Given material Start Marker

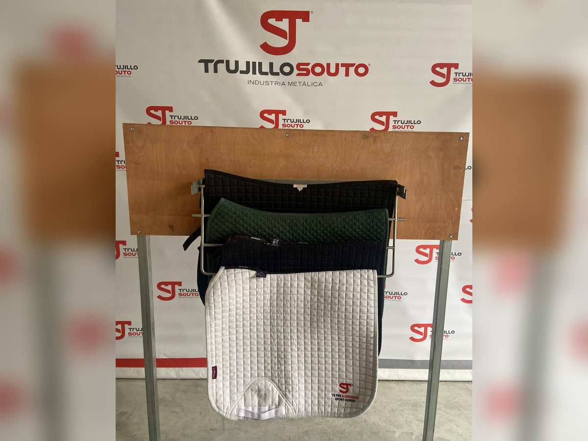 Colgador Mantillas ideal para colgar mantillas (también protectores o vendas) sus dos posiciones, nos permite que queden separadas para facilitar el secado del sudor o después de lavarlas, o plegadas lo que hace que ocupe el mínimo espacio, al ser un producto de acero inoxidable el sudor, agua, arena… no produce corrosión. Fabricado 100% en Acero Inoxidable calidad AISI 304, y soldado a TIG aportando varilla de acero inoxidable calidad AISI 316.
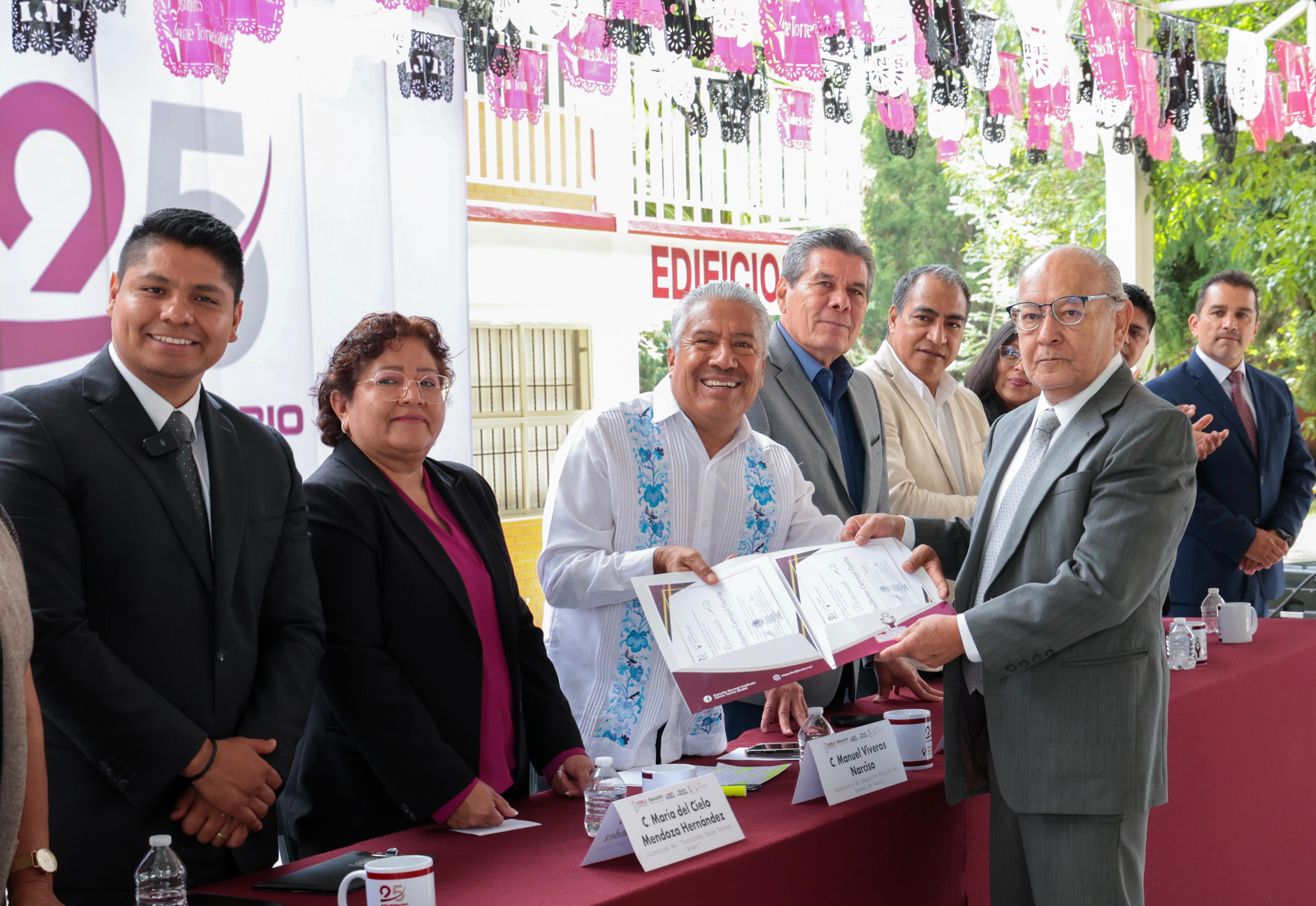 CIUDAD DE PUEBLA, Pue.- “Gracias a la simplificación administrativa, el compromiso y visión humanista del gobernador del estado, Alejandro Armenta, hoy las y los estudiantes de nivel medio superior y superior tienen más oportunidades para que estudien cerca de sus localidades”, aseguró el secretario de Educación Pública, Manuel Viveros Narciso, al presidir la conmemoración del 25 aniversario de la Escuela Normal Rural “Instituto Jaime Torres Bodet”.
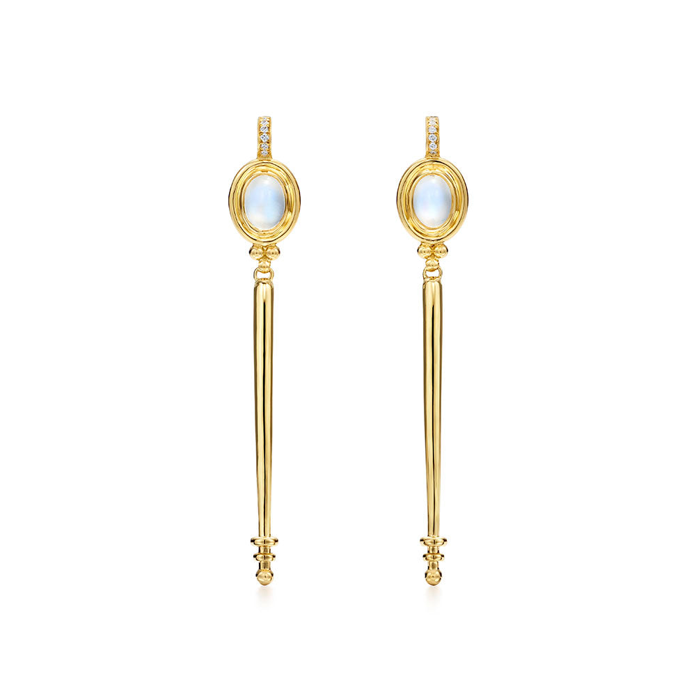 The 18K Classic Temple Baton Earrings combine luminous Blue Moonstones, brilliant diamonds, and our signature yellow gold in a single treasure. Designed to be dynamic, the regal batons move with you.
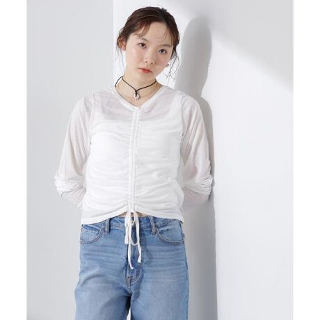 フロントに施されたシャーリングデザインが目を惹くデザイントップス。前後2wayで着回せるデザインで、シャーリングを背中側にして前をシンプルなクルーネックで合わせる着方もオススメです。

Given material End Marker

**What the task asks:** Leaving out the pictures, repeat the data above exactly.

**Exercise output:**
 Colgador Mantillas ideal para colgar mantillas (también protectores o vendas) sus dos posiciones, nos permite que queden separadas para facilitar el secado del sudor o después de lavarlas, o plegadas lo que hace que ocupe el mínimo espacio, al ser un producto de acero inoxidable el sudor, agua, arena… no produce corrosión. Fabricado 100% en Acero Inoxidable calidad AISI 304, y soldado a TIG aportando varilla de acero inoxidable calidad AISI 316.
 CIUDAD DE PUEBLA, Pue.- “Gracias a la simplificación administrativa, el compromiso y visión humanista del gobernador del estado, Alejandro Armenta, hoy las y los estudiantes de nivel medio superior y superior tienen más oportunidades para que estudien cerca de sus localidades”, aseguró el secretario de Educación Pública, Manuel Viveros Narciso, al presidir la conmemoración del 25 aniversario de la Escuela Normal Rural “Instituto Jaime Torres Bodet”.
 The 18K Classic Temple Baton Earrings combine luminous Blue Moonstones, brilliant diamonds, and our signature yellow gold in a single treasure. Designed to be dynamic, the regal batons move with you.
 フロントに施されたシャーリングデザインが目を惹くデザイントップス。前後2wayで着回せるデザインで、シャーリングを背中側にして前をシンプルなクルーネックで合わせる着方もオススメです。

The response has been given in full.